Stored items:
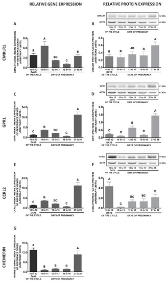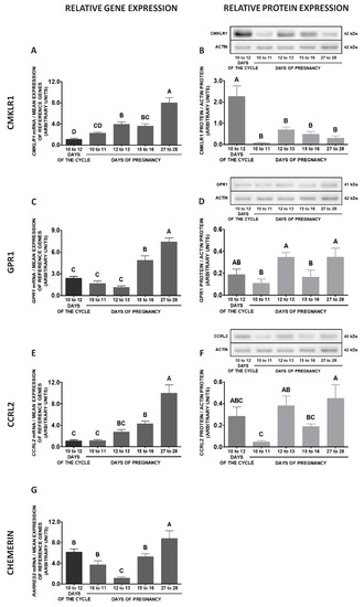 2.9. CHEM System Gene and Protein Expression in SME during Pregnancy
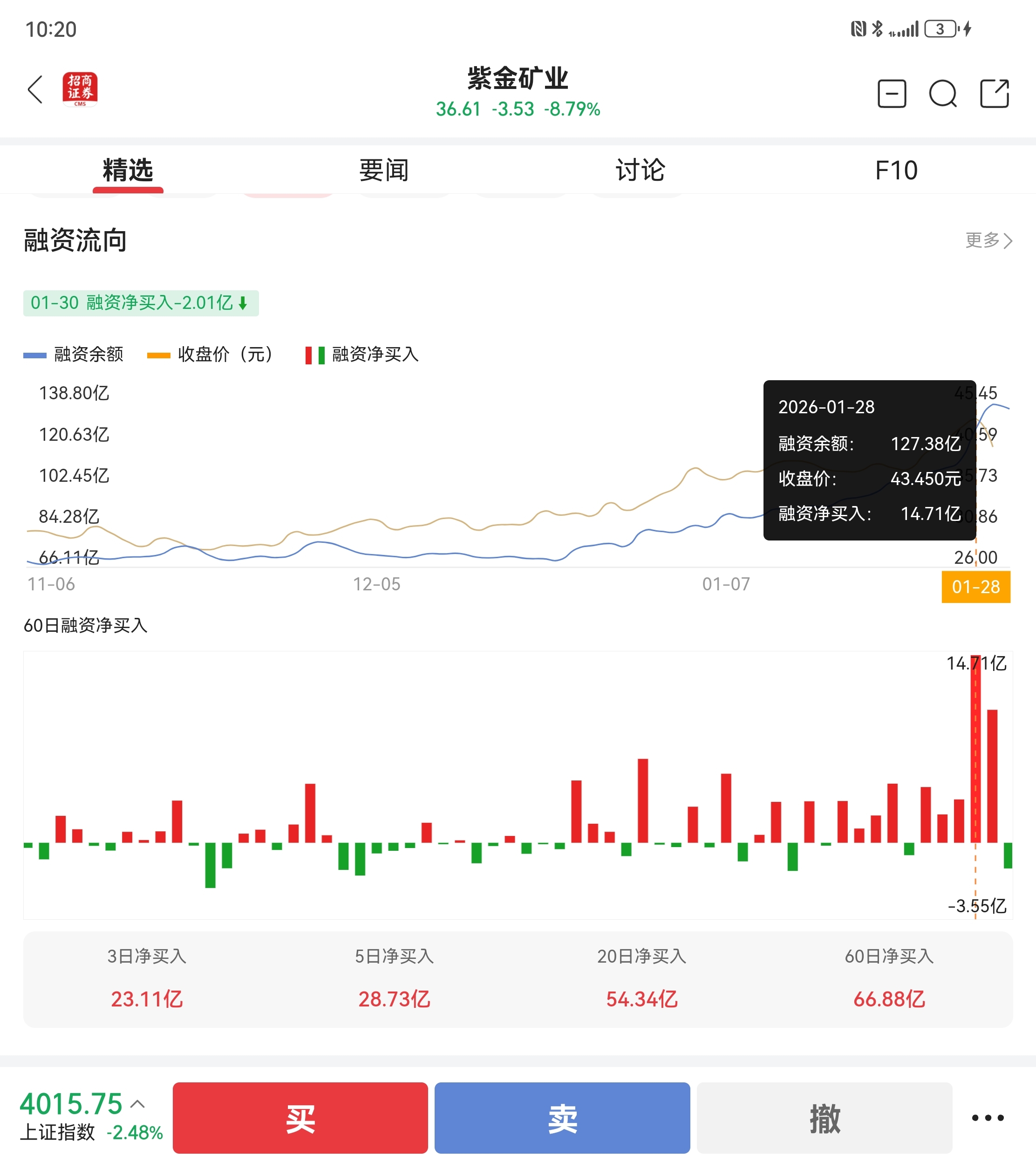 紫金1月28日当天就有14个亿融资盘,过去两周有50亿融资盘筹码在35-44元,
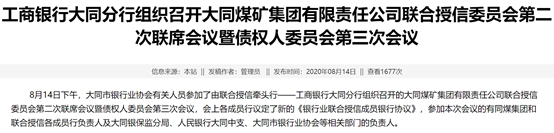 我們結合既有的現實來看,以大同煤礦的案例來看,此前整體債務較大,已經先行債委會,是一種防范風險的視角,整體實現聯合授信的職能,避免踩踏。
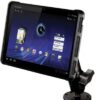Il KIT è costituito da un componente piano che si avvita su qualsiasi superficie piana ed è in metallo. Il cradle in plastica dura molto resistente ed è disegnato in modo da avvolgere il TABLE PC non solo per dalle vibrazioni e dal movimento ma sopratutto per non ostruire le porte di collegamento del tablet pc quali l’ingresso caricabatterie
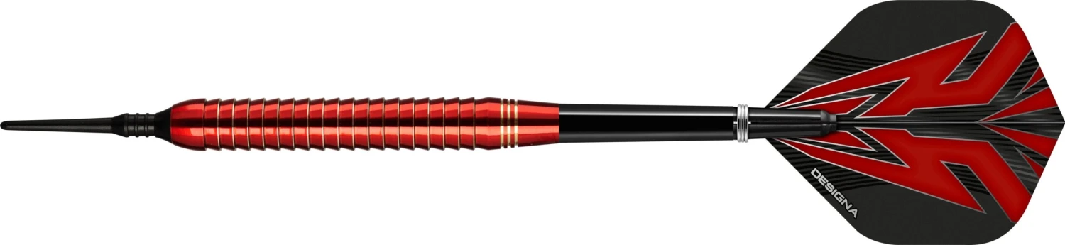 Designa Mako Soft Tip Electro Brass Darts. Quality Brass Soft Tip Darts. Includes: 2 Sets of Designa Flights, 1 Set of Nylon Shafts with rings, Point Protector. Designa Mako Darts – Soft Tip Electro Brass – Shark Grip – Red
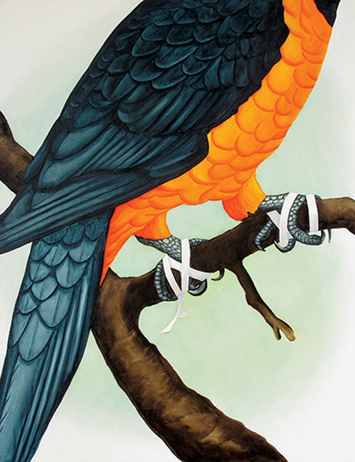 Dokładnie pamiętam to muzeum. I wystawę sprzed wielu lat: wielkie sale w starym klasztorze, od podłogi do sufitu niekończące się regały wypakowane eksponatami – dziesiątkami tysięcy przedstawicieli lokalnej fauny. Pięknymi, kolorowymi, starannie upozowanymi i bardzo, bardzo martwymi. Oglądałam je urzeczona, ale czułam się dziwnie. „Woodland” Dawida Czycza budzi we mnie podobne uczucia – fascynację pomieszaną z zachwytem, przyprawione solidną dawką niepokoju. Zwierzęta z jego obrazów bardziej przypominają fantastyczne eksponaty niż żywe organizmy. Wrona przykryta serwetą, srebrne rybsko nurkujące w niebyt, łapki bajecznie kolorowej papużki przywiązane do gałęzi… Wytrącone z naturalnego kontekstu i starannie upozowane czekają na swoją publiczność. Kiedy przyjdzie, będą ją czarować i kokietować – tu pokażą ponętną łapkę, tam krwistoczerwony kuperek. Barwna rycina przyrodnicza, peep-show i makabreska w jednym! Przyznaję bez bicia, że na mnie to działa.
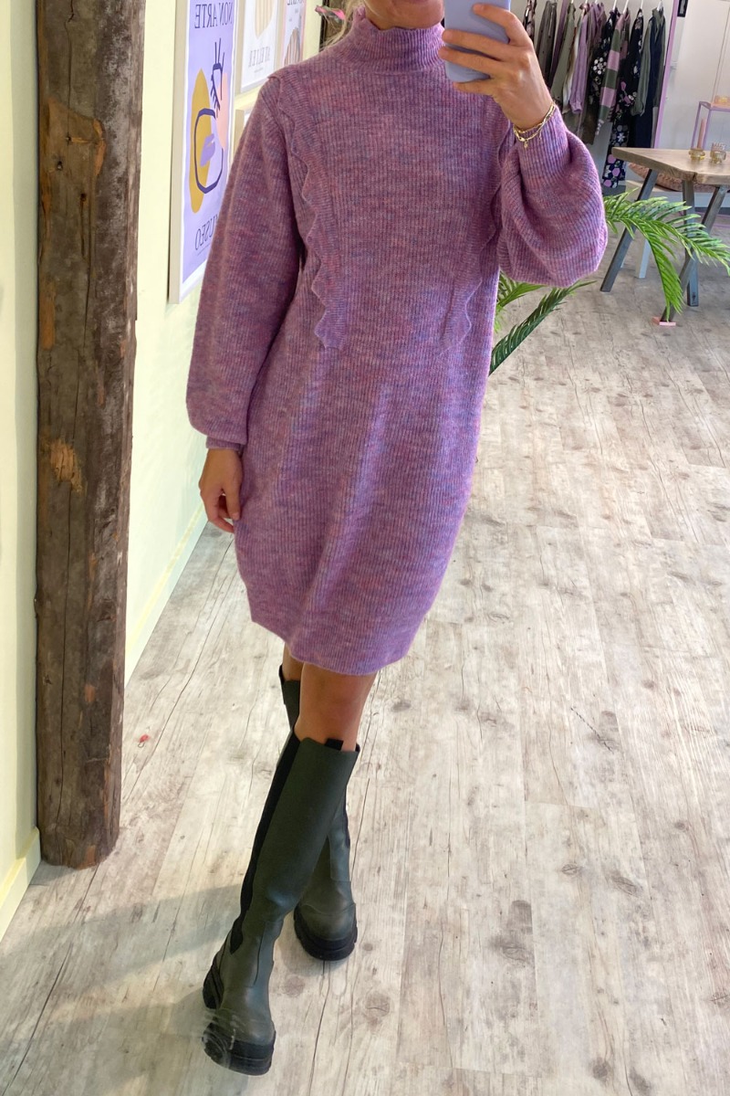 Smuk lilla strikkjole fra Nümph. Strikken har o-neck med en sød flæsedetalje foran ved brystet. Den går til knæet og er super cool at style med en støvle til efteråret.
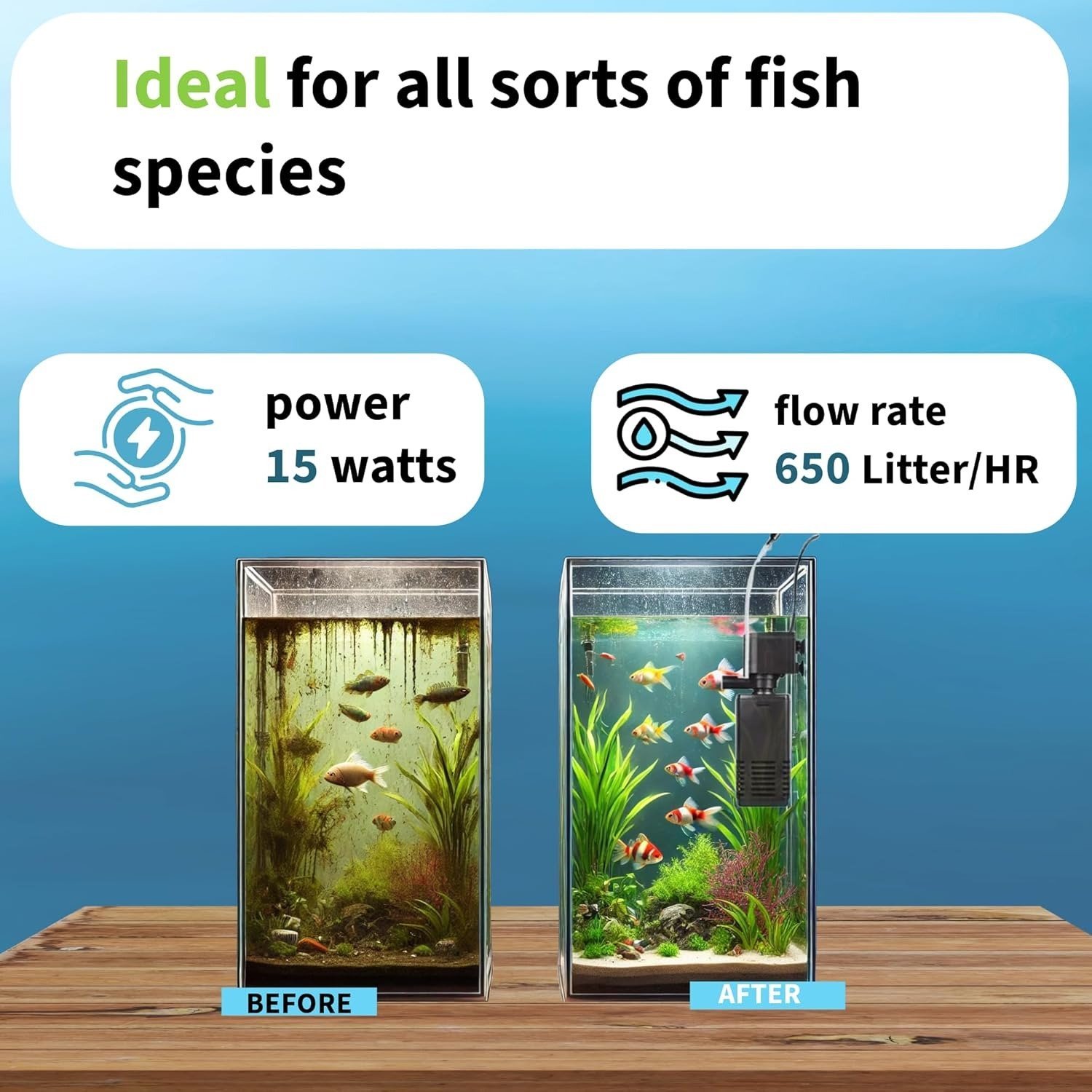 • 【Perfect for 1.5-2.5 Ft Tanks】 – Powerful 650L/H flow rate and 15W energy-efficient motor ensure optimal water circulation and filtration for tanks up to 250 liters (65 gallons), ideal for freshwater and saltwater aquariums.
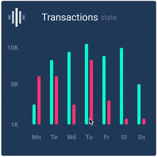 This allows you to plot a number of points anywhere on the graph by specifying the x and y coordinates along with a radius and color. The most amazing part about this chart is the animations that you can play with while transitioning from one state to another.
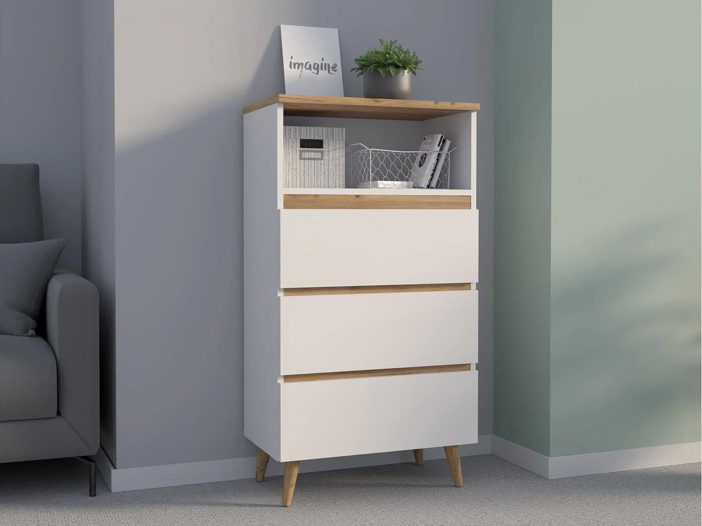 Comoda biblioteca Norge 03 cu 3 sertare si raft deschis, 65x37x119 cm, alb si stejar craft Mob360
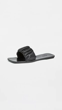Featuring a square toe and a soft ruched leather band, these STAUD slides pair perfectly with everything from dresses to denim, easily elevating any look.

What is needed: Keep the pictures out and repeat exactly the lines from the beginning of the data through the line that contains "and saltwater aquariums.", both ends included.

Result for this task:
 2.9. CHEM System Gene and Protein Expression in SME during Pregnancy
 紫金1月28日当天就有14个亿融资盘,过去两周有50亿融资盘筹码在35-44元,
 我們結合既有的現實來看,以大同煤礦的案例來看,此前整體債務較大,已經先行債委會,是一種防范風險的視角,整體實現聯合授信的職能,避免踩踏。
Il KIT è costituito da un componente piano che si avvita su qualsiasi superficie piana ed è in metallo. Il cradle in plastica dura molto resistente ed è disegnato in modo da avvolgere il TABLE PC non solo per dalle vibrazioni e dal movimento ma sopratutto per non ostruire le porte di collegamento del tablet pc quali l’ingresso caricabatterie
 Designa Mako Soft Tip Electro Brass Darts. Quality Brass Soft Tip Darts. Includes: 2 Sets of Designa Flights, 1 Set of Nylon Shafts with rings, Point Protector. Designa Mako Darts – Soft Tip Electro Brass – Shark Grip – Red
 Dokładnie pamiętam to muzeum. I wystawę sprzed wielu lat: wielkie sale w starym klasztorze, od podłogi do sufitu niekończące się regały wypakowane eksponatami – dziesiątkami tysięcy przedstawicieli lokalnej fauny. Pięknymi, kolorowymi, starannie upozowanymi i bardzo, bardzo martwymi. Oglądałam je urzeczona, ale czułam się dziwnie. „Woodland” Dawida Czycza budzi we mnie podobne uczucia – fascynację pomieszaną z zachwytem, przyprawione solidną dawką niepokoju. Zwierzęta z jego obrazów bardziej przypominają fantastyczne eksponaty niż żywe organizmy. Wrona przykryta serwetą, srebrne rybsko nurkujące w niebyt, łapki bajecznie kolorowej papużki przywiązane do gałęzi… Wytrącone z naturalnego kontekstu i starannie upozowane czekają na swoją publiczność. Kiedy przyjdzie, będą ją czarować i kokietować – tu pokażą ponętną łapkę, tam krwistoczerwony kuperek. Barwna rycina przyrodnicza, peep-show i makabreska w jednym! Przyznaję bez bicia, że na mnie to działa.
 Smuk lilla strikkjole fra Nümph. Strikken har o-neck med en sød flæsedetalje foran ved brystet. Den går til knæet og er super cool at style med en støvle til efteråret.
 • 【Perfect for 1.5-2.5 Ft Tanks】 – Powerful 650L/H flow rate and 15W energy-efficient motor ensure optimal water circulation and filtration for tanks up to 250 liters (65 gallons), ideal for freshwater and saltwater aquariums.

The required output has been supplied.